Продавец снова подумал, опять они посмотрели друг на друга и наконец окончательно поняли друг друга.
— Тогда, в таком разе, как дойдете до правления колхоза — это у моста, сразу же, — спросите Павла Савельева. Он шофером работает. Скажите, от Шахворостова Ивана Петровича.
— Спасибо, сейчас запишу — значит, от Шахворостова Ивана Петровича, так! А вот скажите, Юмашева Ивана Антоновича вы не слышали? Дружок у меня был такой, он, кажется, и сейчас еще там.
— Как — Юмашев? Да нет, что-то не помню. Я ведь там мало кого знаю из новых, может, не Юмашева вам нужно, а Ишимова? Так такой есть действительно. Весовщик.
— Нет, точно Юмашев, — сказал Зыбин и слегка наклонился. — Ну спасибо, сейчас же поеду. Значит, Павел Савельев! Спасибо.

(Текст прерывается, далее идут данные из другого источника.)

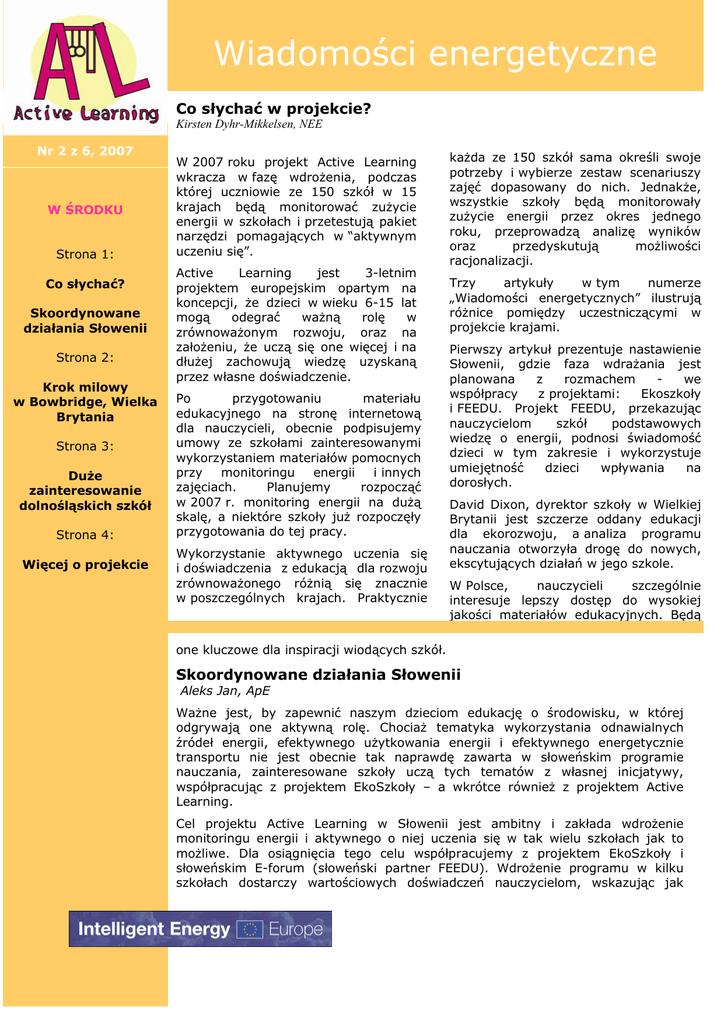 Wiadomości energetyczne Co słychać w projekcie? Kirsten Dyhr-Mikkelsen, NEE Nr 2 z 6, 2007 W ŚRODKU Strona 1: Co słychać? Skoordynowane działania Słowenii Strona 2: Krok milowy w Bowbridge, Wielka Brytania Strona 3: Duże zainteresowanie dolnośląskich szkół Strona 4: Więcej o projekcie W 2007 roku projekt Active Learning wkracza w fazę wdrożenia, podczas której uczniowie ze 150 szkół w 15 krajach będą monitorować zużycie energii w szkołach i przetestują pakiet narzędzi pomagających w “aktywnym uczeniu się”. Active Learning jest 3-letnim projektem europejskim opartym na koncepcji, że dzieci w wieku 6-15 lat mogą odegrać ważną rolę w zrównoważonym rozwoju, oraz na założeniu, że uczą się one więcej i na dłużej zachowują wiedzę uzyskaną przez własne doświadczenie. Po przygotowaniu materiału edukacyjnego na stronę internetową dla nauczycieli, obecnie podpisujemy umowy ze szkołami zainteresowanymi wykorzystaniem materiałów pomocnych przy monitoringu energii i innych zajęciach. Planujemy rozpocząć w 2007 r. monitoring energii na dużą skalę, a niektóre szkoły już rozpoczęły przygotowania do tej pracy. Wykorzystanie aktywnego uczenia się i doświadczenia z edukacją dla rozwoju zrównoważonego różnią się znacznie w poszczególnych krajach. Praktycznie każda ze 150 szkół sama określi swoje potrzeby i wybierze zestaw scenariuszy zajęć dopasowany do nich. Jednakże, wszystkie szkoły będą monitorowały zużycie energii przez okres jednego roku, przeprowadzą analizę wyników oraz przedyskutują możliwości racjonalizacji. numerze Trzy artykuły w tym „Wiadomości energetycznych” ilustrują różnice pomiędzy uczestniczącymi w projekcie krajami. Pierwszy artykuł prezentuje nastawienie Słowenii, gdzie faza wdrażania jest planowana z rozmachem we współpracy z projektami: Ekoszkoły i FEEDU. Projekt FEEDU, przekazując nauczycielom szkół podstawowych wiedzę o energii, podnosi świadomość dzieci w tym zakresie i wykorzystuje umiejętność dzieci wpływania na dorosłych. David Dixon, dyrektor szkoły w Wielkiej Brytanii jest szczerze oddany edukacji dla ekorozwoju, a analiza programu nauczania otworzyła drogę do nowych, ekscytujących działań w jego szkole. W Polsce, nauczycieli szczególnie interesuje lepszy dostęp do wysokiej jakości materiałów edukacyjnych. Będą one kluczowe dla inspiracji wiodących szkół. Skoordynowane działania Słowenii Aleks Jan, ApE Ważne jest, by zapewnić naszym dzieciom edukację o środowisku, w której odgrywają one aktywną rolę. Chociaż tematyka wykorzystania odnawialnych źródeł energii, efektywnego użytkowania energii i efektywnego energetycznie transportu nie jest obecnie tak naprawdę zawarta w słoweńskim programie nauczania, zainteresowane szkoły uczą tych tematów z własnej inicjatywy, współpracując z projektem EkoSzkoły – a wkrótce również z projektem Active Learning. Cel projektu Active Learning w Słowenii jest ambitny i zakłada wdrożenie monitoringu energii i aktywnego o niej uczenia się w tak wielu szkołach jak to możliwe. Dla osiągnięcia tego celu współpracujemy z projektem EkoSzkoły i słoweńskim E-forum (słoweński partner FEEDU). Wdrożenie programu w kilku szkołach dostarczy wartościowych doświadczeń nauczycielom, wskazując jak dokonać integracji monitoringu energii oraz innych działań aktywnego uczenia się z rocznymi planami nauczania, a także wskazać, jak formy tego działania mogą być modyfikowane. Informacje te mogą także być wykorzystane w tworzeniu bazy do stabilnej integracji tematyki i metod z programami nauczania. odnawialnych źródeł energii itp. Głównym tematem warsztatów dla nauczycieli były praktyczne przykłady. Przedstawiono istniejące i możliwe do przeprowadzenia w przyszłości w szkołach ćwiczenia, w których uczniowie uczestniczą aktywnie w zdobywaniu wiedzy o energii. Biorący udział w warsztatach nauczyciele wykazali duże zainteresowanie prowadzeniem prezentowanych ćwiczeń. Niektórzy z nich mają już doświadczenie w prowadzeniu podobnych zajęć, mogli więc podzielić się sugestiami z innymi. Dr Klimat – przykład ćwiczenia aktywnej metody uczenia się. Dyrektorzy szkół i inni zarządzający nimi oraz nauczyciele odgrywają kluczową rolę we wdrażaniu monitoringu zużycia energii i technik aktywnego uczenia się w swoich szkołach. Dlatego w listopadzie i grudniu 2006 roku zorganizowaliśmy we współpracy z Ekoszkołami i słoweńskim E-forum dwa warsztaty: Pierwszy - dla dyrektorów szkół oraz administratorów budynków szkolnych Drugi - dla nauczycieli. Celem obydwu warsztatów była promocja odnawialnych źródeł energii i efektywnego jej wykorzystania, a także prezentacja możliwości monitoringu energii i technik aktywnego uczenia się. Na warsztatach dla dyrektorów i administratorów, nacisk położony był na kwestie finansowe i techniczne. Dyskutowano możliwości efektywnego wykorzystania energii w szkołach, zarówno te niewymagające nakładów finansowych, jak i te związane z inwestycjami w wymianę okien, izolację budynku, „uzdrowienie” energii, wykorzystanie To ćwiczenie, zaproponowane przez słoweńskie E-forum, składa się z trzech części. W pierwszej, osoba przebrana za lekarza wchodzi do sali i prezentuje wykład na temat zmian w środowisku i wpływu człowieka na te zmiany. Ktoś jest chory i ma temperaturę, a tym chorym jest planeta Ziemia. W części drugiej uczniowie, jako detektywi energii, podzieleni na grupy, wykonują określone zadania. Chodzą po szkole, sprawdzając sytuację w budynku (mierzą temperaturę wnętrza, sprawdzają rury, światło itp.), a w oparciu o wyniki tego „śledztwa” uczą się możliwości poprawy sytuacji. W części trzeciej każda grupa przedstawia wnioski, po których następuje dyskusja możliwościach poprawy wykorzystania energii w szkole. Ćwiczenie może być też pr
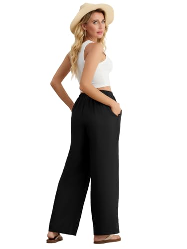 Feiersi Women's Casual Pants Drawstring Elastic Waist Pants Flowy Wide Leg Beach Trousers with Pockets 6
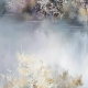 Dreamy island woodland stands of beautiful white birch trees in the morning mist watercolor by ©WhimsicalArtwork™
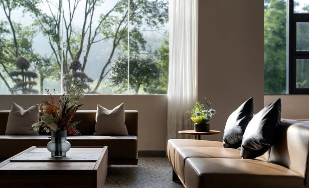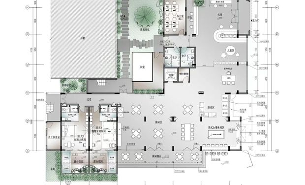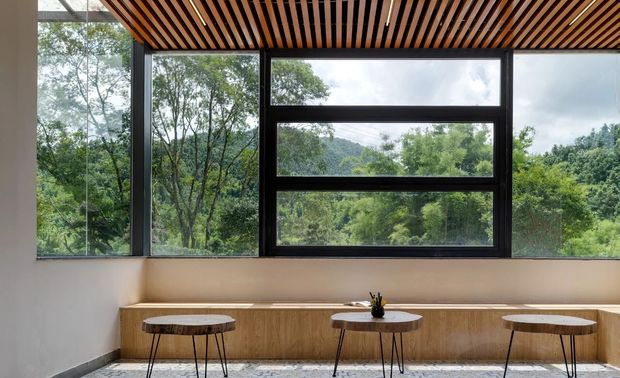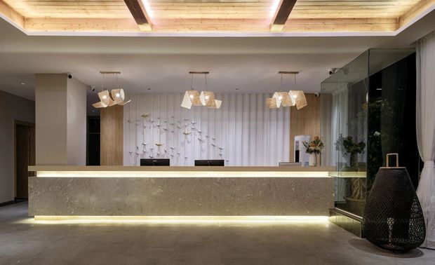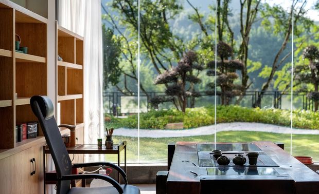 睛溪温泉酒店首层利用通透落地大玻璃,把室内外的融合,从外部延伸入里,打破立体界限。把前厅接待区、阅读区、儿童游戏区、茶室等公共空间最大化呈现,加强互通体验。
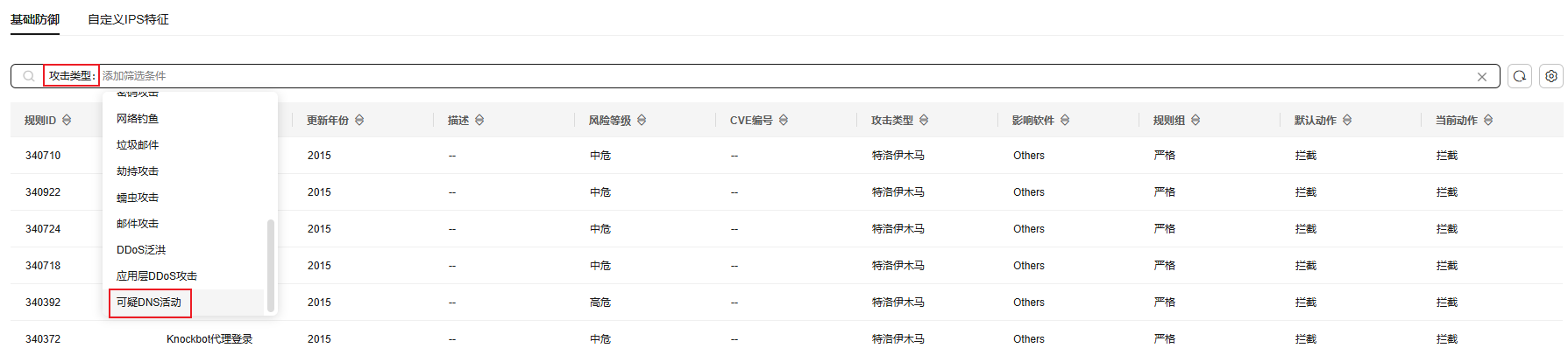 DNS是绝大部分互联网请求的组成部分,是互联网应用中非常基础和重要的一环,一旦DNS系统受到攻击将会对网络服务带来严重影响,因此保障DNS安全显得尤为重要。CFW提供了检测可疑DNS活动的入侵防御规则,当检测到可疑DNS活动入侵时,可以实时拦截入侵活动和攻击性网络流量。

Он пошел и снова остановился. У резных ворот с надписью «За колхозное изобилие» толпились люди. Курили, чадили, лузгали семечки. Он протиснулся и увидал художника над мольбертом. Зыбин этого чудака знал. Месяц тому назад он подал объяснение в милицию (нажаловались соседи) и подписался так: «Гений 1 ранга Земли и Галактики, декоратор-исполнитель Балета им. Абая Сергей Иванович Калмыков». Гением человечества, как известно, в то время на земле числился, только один человек, и такая штучка могла выйти очень боком — ведь черт его знает, что за этим титулом кроется, может быть, насмешка или желание поконкурировать. Кажется, такие сомнения в сферах высказывались, но дальше них дело все-таки не пошло. Может быть, кто-то из власть предержащих повстречал Калмыкова на улице и решил, что, мол, на этой голове много не заработаешь. А зря! Голова была стоящая. Когда художник появлялся на улице, вокруг него происходило легкое замешательство. Движение затормаживалось. Люди останавливались и смотрели. Мимо них проплывало что-то совершенно необычайное: что-то красное, желтое, зеленое, синее — все в лампасах, махрах и лентах. Калмыков сам конструировал свои одеяния и следил, чтобы они были совершенно ни на что не похожи. У него на этот счет была своя теория.